* _To do_
Only one stretch of the records below is wanted: the lines from the one holding "Přípravek k odvykání" through the one holding "Alle Ihre Abenteuer". Return it exactly, both ends included.

*** The data ***

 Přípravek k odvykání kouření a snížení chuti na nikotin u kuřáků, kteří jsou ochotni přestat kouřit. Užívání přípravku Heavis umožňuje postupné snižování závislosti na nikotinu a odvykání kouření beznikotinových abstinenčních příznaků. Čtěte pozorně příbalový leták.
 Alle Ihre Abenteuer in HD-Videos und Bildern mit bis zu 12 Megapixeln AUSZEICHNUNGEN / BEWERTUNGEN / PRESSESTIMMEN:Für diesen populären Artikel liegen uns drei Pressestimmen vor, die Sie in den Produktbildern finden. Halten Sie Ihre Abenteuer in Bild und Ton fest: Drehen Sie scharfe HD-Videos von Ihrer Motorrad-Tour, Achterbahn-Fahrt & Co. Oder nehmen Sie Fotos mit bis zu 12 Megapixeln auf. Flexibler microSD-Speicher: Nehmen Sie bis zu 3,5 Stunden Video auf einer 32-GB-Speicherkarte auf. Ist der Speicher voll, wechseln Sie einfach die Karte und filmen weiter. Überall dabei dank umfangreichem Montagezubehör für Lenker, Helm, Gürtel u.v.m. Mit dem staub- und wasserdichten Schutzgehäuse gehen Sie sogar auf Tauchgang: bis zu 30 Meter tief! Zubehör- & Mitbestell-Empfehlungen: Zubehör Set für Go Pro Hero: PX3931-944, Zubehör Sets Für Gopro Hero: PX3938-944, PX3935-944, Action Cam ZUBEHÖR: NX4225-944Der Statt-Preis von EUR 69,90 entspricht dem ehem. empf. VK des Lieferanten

*** End of The data ***
*** The data ***

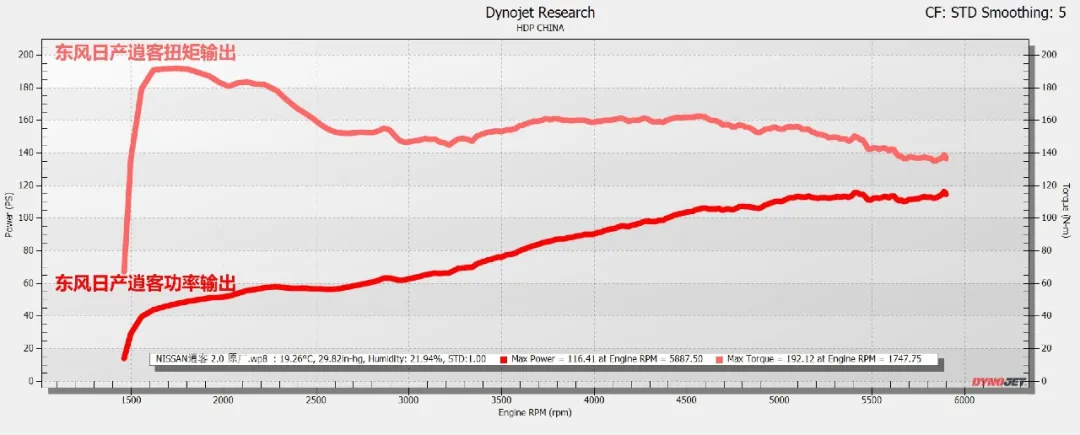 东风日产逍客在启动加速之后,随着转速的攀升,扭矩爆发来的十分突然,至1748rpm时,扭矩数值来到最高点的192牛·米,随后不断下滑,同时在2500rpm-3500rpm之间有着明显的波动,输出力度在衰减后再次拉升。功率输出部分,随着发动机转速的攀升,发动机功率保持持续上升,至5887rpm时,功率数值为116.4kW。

*** End of The data ***

* _Output of the task_
 Přípravek k odvykání kouření a snížení chuti na nikotin u kuřáků, kteří jsou ochotni přestat kouřit. Užívání přípravku Heavis umožňuje postupné snižování závislosti na nikotinu a odvykání kouření beznikotinových abstinenčních příznaků. Čtěte pozorně příbalový leták.
 Alle Ihre Abenteuer in HD-Videos und Bildern mit bis zu 12 Megapixeln AUSZEICHNUNGEN / BEWERTUNGEN / PRESSESTIMMEN:Für diesen populären Artikel liegen uns drei Pressestimmen vor, die Sie in den Produktbildern finden. Halten Sie Ihre Abenteuer in Bild und Ton fest: Drehen Sie scharfe HD-Videos von Ihrer Motorrad-Tour, Achterbahn-Fahrt & Co. Oder nehmen Sie Fotos mit bis zu 12 Megapixeln auf. Flexibler microSD-Speicher: Nehmen Sie bis zu 3,5 Stunden Video auf einer 32-GB-Speicherkarte auf. Ist der Speicher voll, wechseln Sie einfach die Karte und filmen weiter. Überall dabei dank umfangreichem Montagezubehör für Lenker, Helm, Gürtel u.v.m. Mit dem staub- und wasserdichten Schutzgehäuse gehen Sie sogar auf Tauchgang: bis zu 30 Meter tief! Zubehör- & Mitbestell-Empfehlungen: Zubehör Set für Go Pro Hero: PX3931-944, Zubehör Sets Für Gopro Hero: PX3938-944, PX3935-944, Action Cam ZUBEHÖR: NX4225-944Der Statt-Preis von EUR 69,90 entspricht dem ehem. empf. VK des Lieferanten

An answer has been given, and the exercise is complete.